The Murder Act 1751 (25 Geo 2 c 37) was an Act of the Parliament of Great Britain.

Provisions
The Murder Act included the provision “for better preventing the horrid crime of murder” “that some further terror and peculiar mark of infamy be added to the punishment,” and that “in no case whatsoever shall the body of any murderer be suffered to be buried,” by mandating either public dissection or “hanging in chains” of the cadaver. The act also stipulated that a person found guilty of murder should be executed two days after being sentenced unless the third day was a Sunday, in which case the execution would take place on the following Monday.

In 1828 this Act was repealed, as to England, by section 1 of the 9 Geo 4 c 31, except so far as it related to rescues and attempts to rescue.

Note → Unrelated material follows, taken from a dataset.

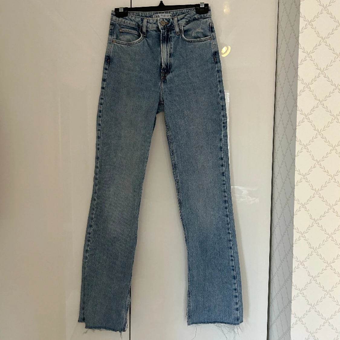 Fina jeans från Zara i storlek 34, använda ett fåtal gånger. Det är även en slits nertil på jeansen. Fint skick!💙
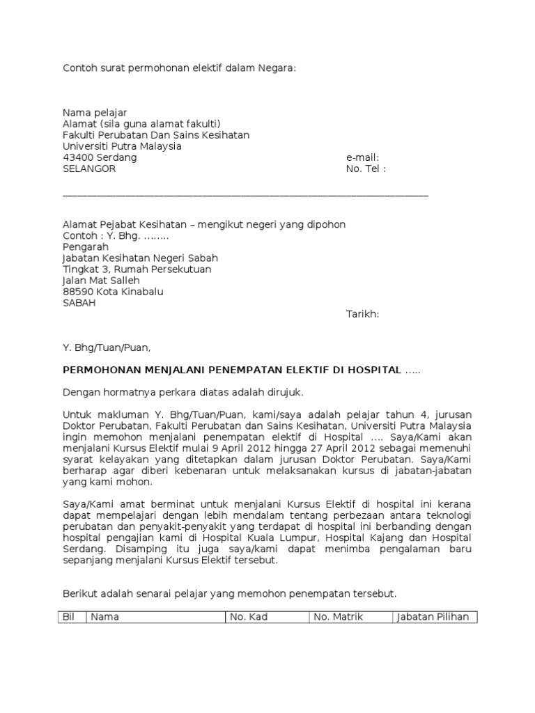 Contoh Surat Permohonan Elektif Dalam Negara Kepada Pelajar

The corresponding marginal note to that section says that effect of this was to repeal the whole Act, except for sections 9 and 10.

Section 1
This section was repealed by section 1 of, and the Schedule to, the Statute Law Revision Act 1871.

Section 9
This section provided that any person who, by force, set at liberty or rescued, or who attempted to set at liberty or rescue, any person out of prison who was committed for, or convicted of, murder, or who rescued or attempted to rescue, any person convicted of murder, going to execution or during execution, was guilty of felony, and was to suffer death without benefit of clergy. This death penalty was reduced to transportation for life by the Punishment of Offences Act (1837).

Section 11
This section was repealed by section 1 of, and the Schedule to, the Statute Law Revision Act 1871.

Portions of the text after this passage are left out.